#### [EXERCISE]
Each line from the material with the word "autoværn" in it must be copied.

[DATA FOR THIS TASK — start]

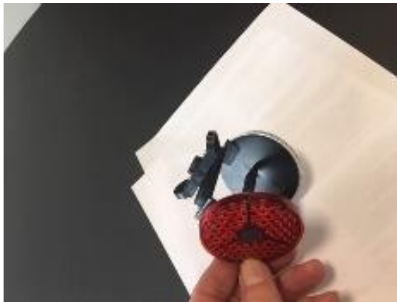
Figur 1: Refleksbrik som kan fastspændes i autoværn. Bemærk, at der anvendes hvid refleksfarve i vejmidte.

På motorveje er det forsøgt at erstatte kantpæle i midteradskillelsen med refleksbrikker fastspændt i siden af autoværnet på strækninger, hvor autoværn er placeret langs belægningskanten, dvs. typisk på ensidigt autoværn. I erfaringskataloget Kantafmærkning i midterrabat på motorvej (Vejdirektoratet, 2019) angives, at der regnes med tre enkeltmonterede reflekser pr. 100 m. Refleksarealet på refleksbrikkerne varierer mellem ca. 3.000 mm 2 og ca. 4.800 mm 2 afhængig af type (eksempel ses i Figur 1).
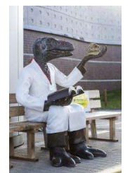
恐竜ベンチ (イメージ)
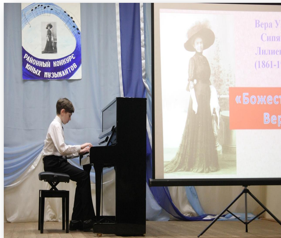
Районный конкурс юных музыкантов февраль 2020

Я тоже буду участвовать в этом конкурсе в
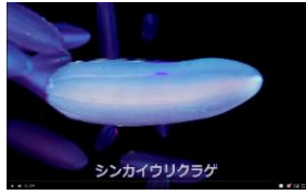
ヤドカリ、ヒトデ、ナメクジウオ、ウリクラゲ、タコクラゲの映像 (57秒)

[DATA FOR THIS TASK — finish]

#### [RESULT OF THE TASK]
Figur 1: Refleksbrik som kan fastspændes i autoværn. Bemærk, at der anvendes hvid refleksfarve i vejmidte.
På motorveje er det forsøgt at erstatte kantpæle i midteradskillelsen med refleksbrikker fastspændt i siden af autoværnet på strækninger, hvor autoværn er placeret langs belægningskanten, dvs. typisk på ensidigt autoværn. I erfaringskataloget Kantafmærkning i midterrabat på motorvej (Vejdirektoratet, 2019) angives, at der regnes med tre enkeltmonterede reflekser pr. 100 m. Refleksarealet på refleksbrikkerne varierer mellem ca. 3.000 mm 2 og ca. 4.800 mm 2 afhængig af type (eksempel ses i Figur 1).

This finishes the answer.